» Given information
++++++++++++++++++++

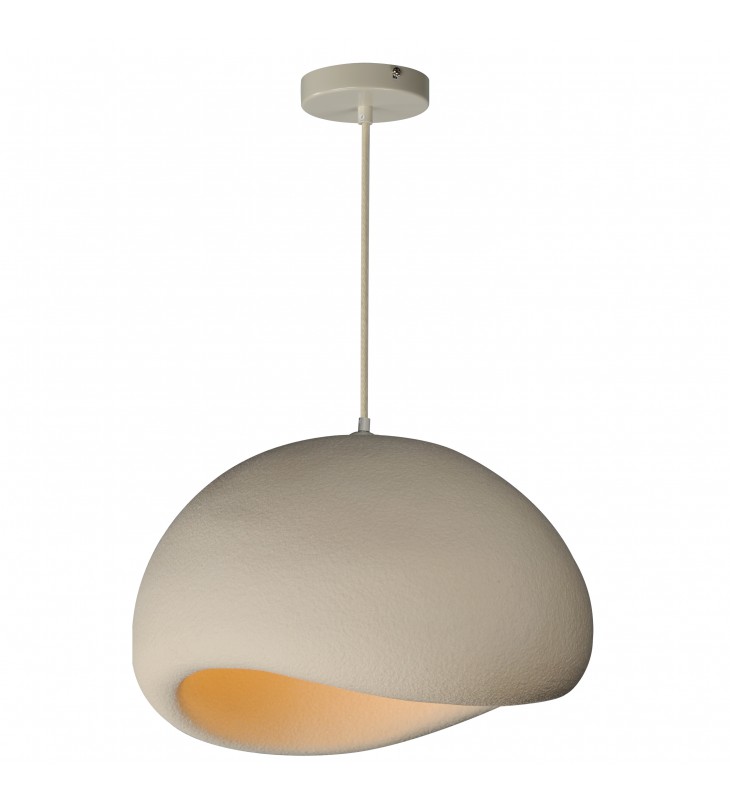 Inspired by the rocky shores of New Zealand\'s South Island, boulder-like organic forms made of polyurethane are light weight and yet voluminous masses. With a shimmery salt-like texture, the pendants are finished in an off-white Oyster finish. Choose from pendant and flush mount configurations.
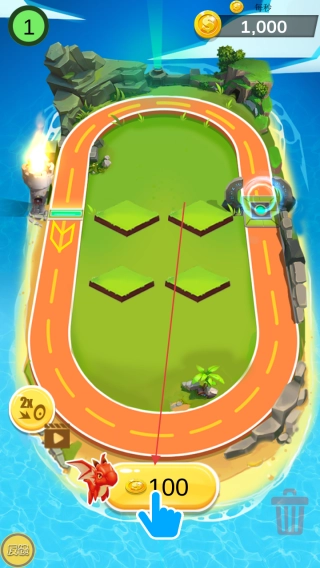 1、点击底部的“100金币”按钮,消耗金币就能在赛道的空地上召唤出基础萌龙。
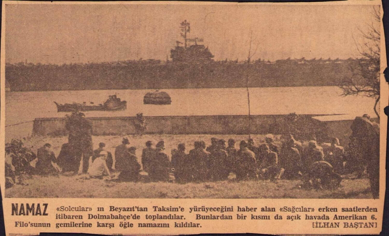 Tarihimize “Kanlı Pazar” olarak geçen bu olayda 2 kişi öldürüldü ve yaklaşık 200 kişi yaralandı. ABD’nin 6. Filo’sunun demirlediği Dolmabahçe’de bir araya gelen sağ muhafazakar grubun kıble istikametinde namaz kıldığı anda kaydedilen fotoğraf Türk siyasî tarihinin ikonik fotoğraflarından biri oldu. Söz konusu fotoğraf 17 Şubat 1969 tarihli Milliyet gazetesinde “Dolmabahçe Cami avlusunda 6. Filo gemisine karşı şükür namazı kılan topluluk, namazdan sonra, 6. Filo’yu protesto etmek üzere Taksim meydanında toplananlara saldırdı.” açıklamasıyla yayımlandı.
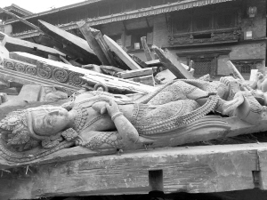4月26日,在尼泊爾加德滿都郊外20公里的叁庫,震后街道一片狼藉。 新華社發(fā)

++++++++++++++++++++

» Exercise instructions
Could you copy exactly, and with no pictures, the lines above from the one containing "olarak geçen bu" through the last line, both included?

» Task response
 Tarihimize “Kanlı Pazar” olarak geçen bu olayda 2 kişi öldürüldü ve yaklaşık 200 kişi yaralandı. ABD’nin 6. Filo’sunun demirlediği Dolmabahçe’de bir araya gelen sağ muhafazakar grubun kıble istikametinde namaz kıldığı anda kaydedilen fotoğraf Türk siyasî tarihinin ikonik fotoğraflarından biri oldu. Söz konusu fotoğraf 17 Şubat 1969 tarihli Milliyet gazetesinde “Dolmabahçe Cami avlusunda 6. Filo gemisine karşı şükür namazı kılan topluluk, namazdan sonra, 6. Filo’yu protesto etmek üzere Taksim meydanında toplananlara saldırdı.” açıklamasıyla yayımlandı.
4月26日,在尼泊爾加德滿都郊外20公里的叁庫,震后街道一片狼藉。 新華社發(fā)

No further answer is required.